On components of stable connectivity of gradient-like diffeomorphisms of the 2-torus

TL;DR

This paper investigates the stable connectivity components of gradient-like diffeomorphisms on the 2-torus, showing that non-isotopic classes form finitely many such components distinguished by periodic data.

Contribution

It establishes that gradient-like diffeomorphisms of the 2-torus not isotopic to the identity split into finitely many stable connectivity components characterized by periodic data.

Findings

Non-isotopic gradient-like diffeomorphisms of the 2-torus form finitely many stable components.

Periodic data uniquely determines the stable connectivity component within each isotopy class.
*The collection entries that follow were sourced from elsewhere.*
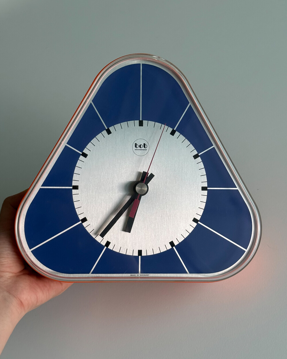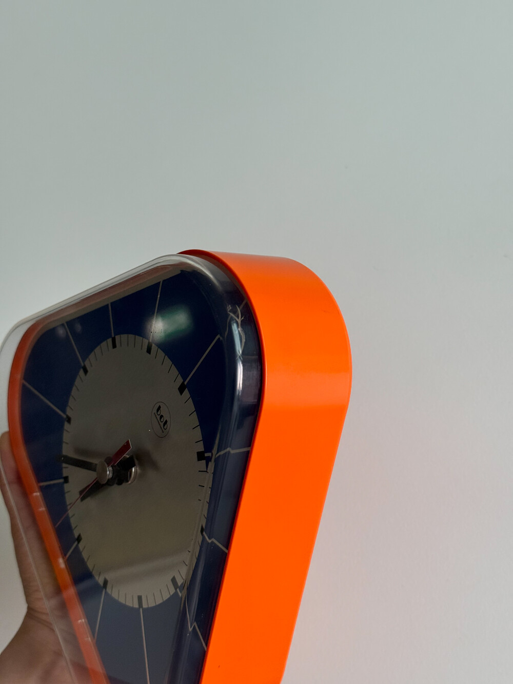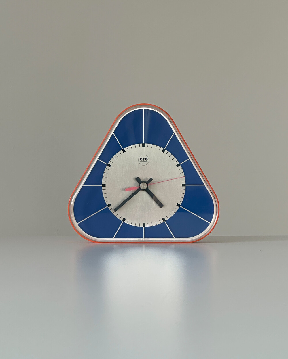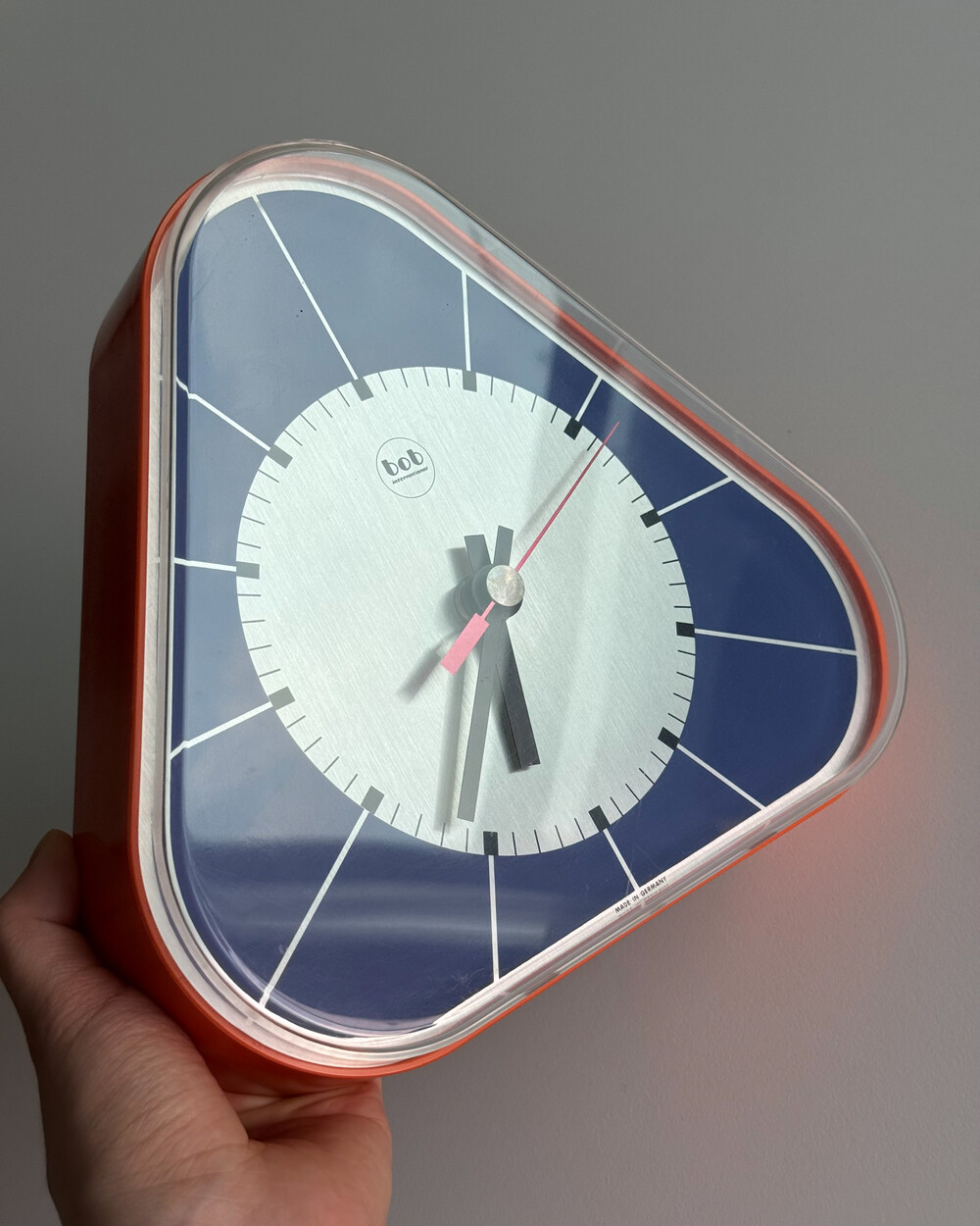 1970년대 독일 BOB International 사에서 제작된 벽시계 입니다. 입체감이 느껴지는 볼드한 삼각형 쉐입으로 이루어져 있으며, 스페이스 에이지 시대를 연상 시키는 오렌지-블루-실버의 색상 조화가 매력적인 디자인입니다. 보기 드문 레어한 제품으로 소장 가치가 있는 제품입니다.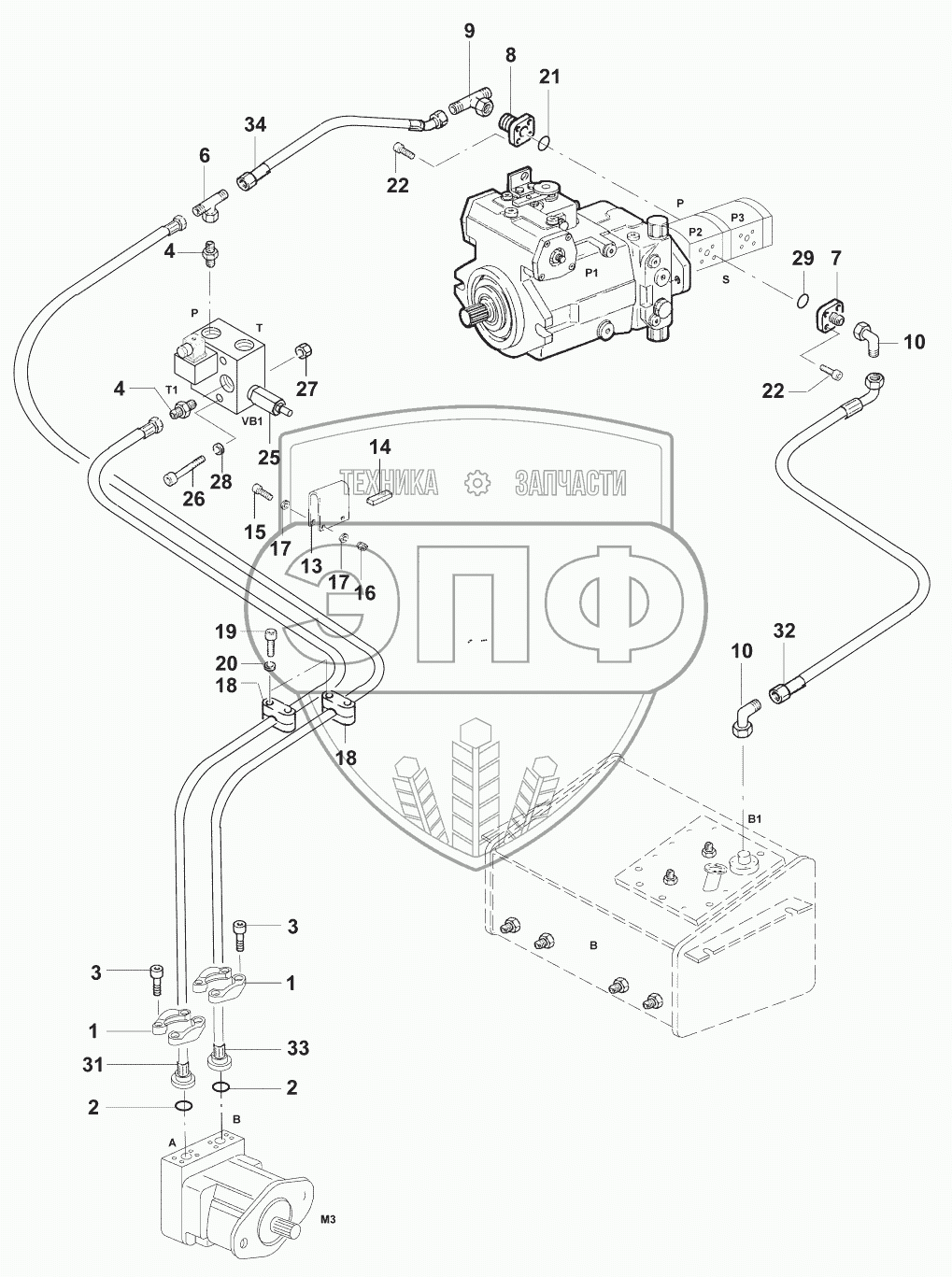 Каталог запасных частей к технике: JCB VM-46D/PD. Гидросистема/Drive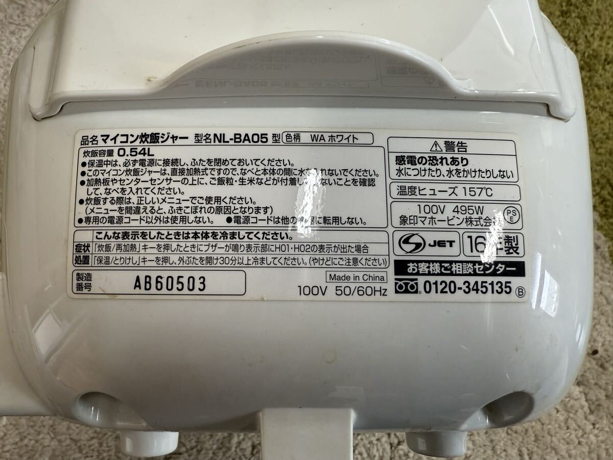 象印 ZOJIRUSHI のマイコン炊飯ジャー NL-BA05(3合炊き/ホワイト)です。コンパクトサイズで一人暮らしや少人数世帯向けの炊飯器として使われていたお品です。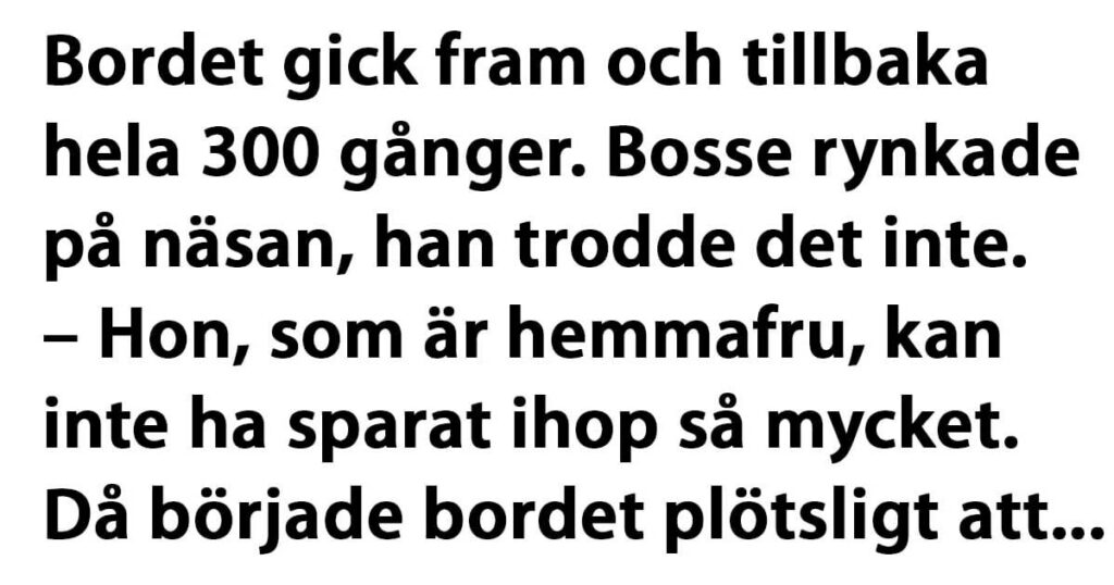 Bordet började då röra på sig. Det gick mellan butikens väggar 96 gånger, vilket ju faktiskt var exakt så många tusenlappar Bosse hade på sitt sparkonto.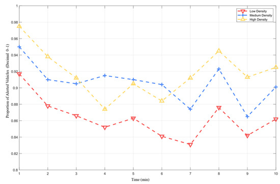 To explore the performance differences of the hybrid trust model in scenarios with varying densities, the experiment statistically analyzed the proportion of alerted vehicles in low, medium, and high-density scenarios, as shown in Figure 10. In high-density scenarios, the number of alerted vehicles is generally higher than in medium and low-density scenarios. This is mainly attributed to the high penetration rate of vehicular network messages in high-density scenarios, achieving almost full coverage. However, message conflicts in high-density vehicular networks may lead to data loss. Therefore, in some cases, the number of alerted vehicles in medium-density scenarios may be higher than in high-density scenarios.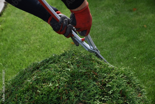Bush or shrub cutting with garden scissors. Forming thuja sphere by pruning shear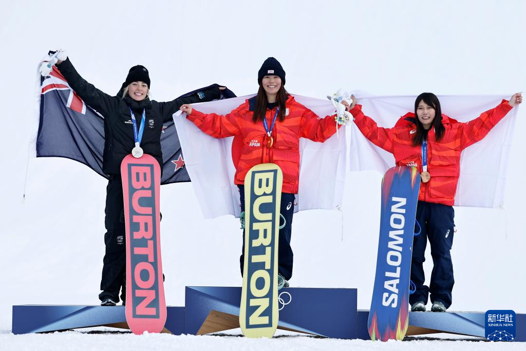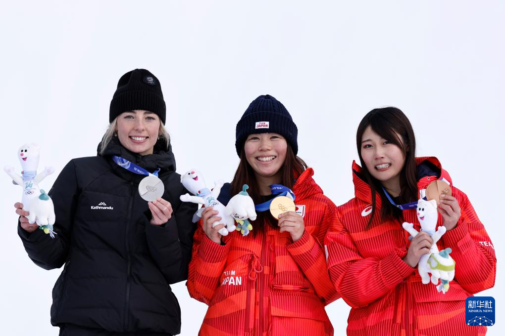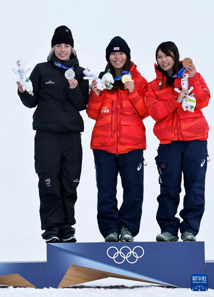 2月18日,冠军日本选手深田茉莉(中)、亚军新西兰选手萨多夫斯基(左)和季军日本选手村濑心椛在颁奖仪式上合影。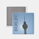 Magnet mit Fernsehturm in der Nähe des Alexanderplatzes, Ostberlin, Deutschland. Erhältlich als Quadrat- oder Rundmagnet. Der Fernsehturm ist ein Fernsehturm im Zentrum von Berlin. Nah zum Alexanderplatz und einem Teil der Weltföderation der Großen Türme (WFGT) wurde der Turm zwischen 1965 und 1969 von der ehemaligen DDR (DDR) erbaut, die ihn als Symbol für Berlin konzipierte, das er heute noch ist, da er in den zentralen und einigen Vorstädten Berlins gut sichtbar ist. Mit einer Höhe von 368 Metern ist es die höchste Struktur Deutschlands.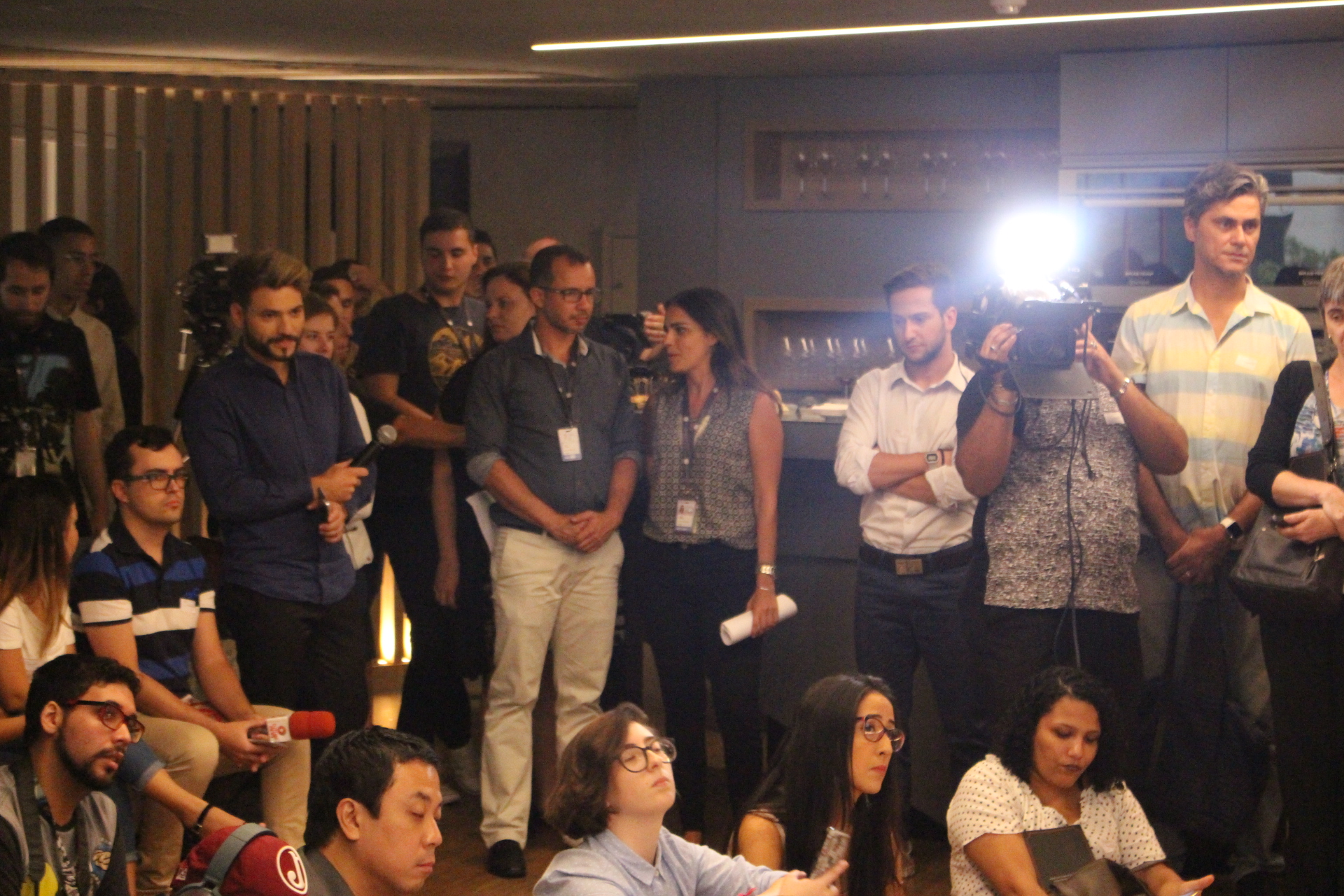 Apresentador Felipe Bronze e os Jurados Emannuel e Ailin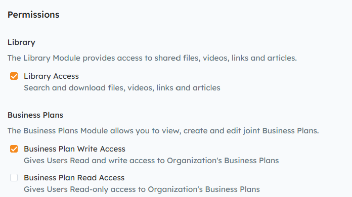 - Scroll down the page to select the appropriate permission/access for each module. Group permissions are defined here.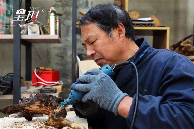??????良材易找,朽木難尋。更多時候,郭友之會扛著镢頭走到荒山老林里,自己去刨那些枯死的樹根,每次都累得汗流浹背,他卻樂此不疲。
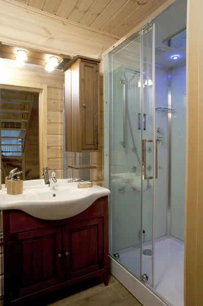 Просторная парная на дровах вмещает до 6 человек. Оригинальной деталью загородного комплекса выступает гидромассажная СПА-джакузи, оборудованная фонтаном и динамичной подсветкой, которая расположена на свежем воздухе – на крытой террасе.

Contrasts with the 2-sphere case, which has countably many components.

Abstract

Gradient-like diffeomorphisms of a closed surface $M^2$ are characterized by a finite hyperbolic limit set and the absence of intersections of invariant manifolds of distinct saddle points. In the case where such diffeomorphisms $f_0, f_1:M^2\to M^2$ are isotopic, they are connected by some arc $\{f_t:M^2\to M^2, t\in [0,1]\}$ in the space of diffeomorphisms. If every diffeomorphism of the arc has a finite limit set and the arc is stable (does not change its qualitative properties under small perturbations) in the space of diffeomorphisms, then $f_0,f_1$ are said to be {\it stably connected}. Thus, the set of isotopic diffeomorphisms splits into components of stable connectivity, of which there may, in general, be infinitely many. For instance, it is known that gradient-like diffeomorphisms of the 2-sphere (both orientation-preserving and orientation-reversing) consist of a countable number of stable connectivity components. Moreover, belonging to a particular component is uniquely determined by the periodic data of the diffeomorphism. In the present paper, we consider gradient-like diffeomorphisms of the 2-torus that are not isotopic to the identity. We establish that the set of such diffeomorphisms splits into a finite number of stable connectivity components. For each isotopy class, we define the periodic data of the diffeomorphism, which uniquely determine membership in a given component.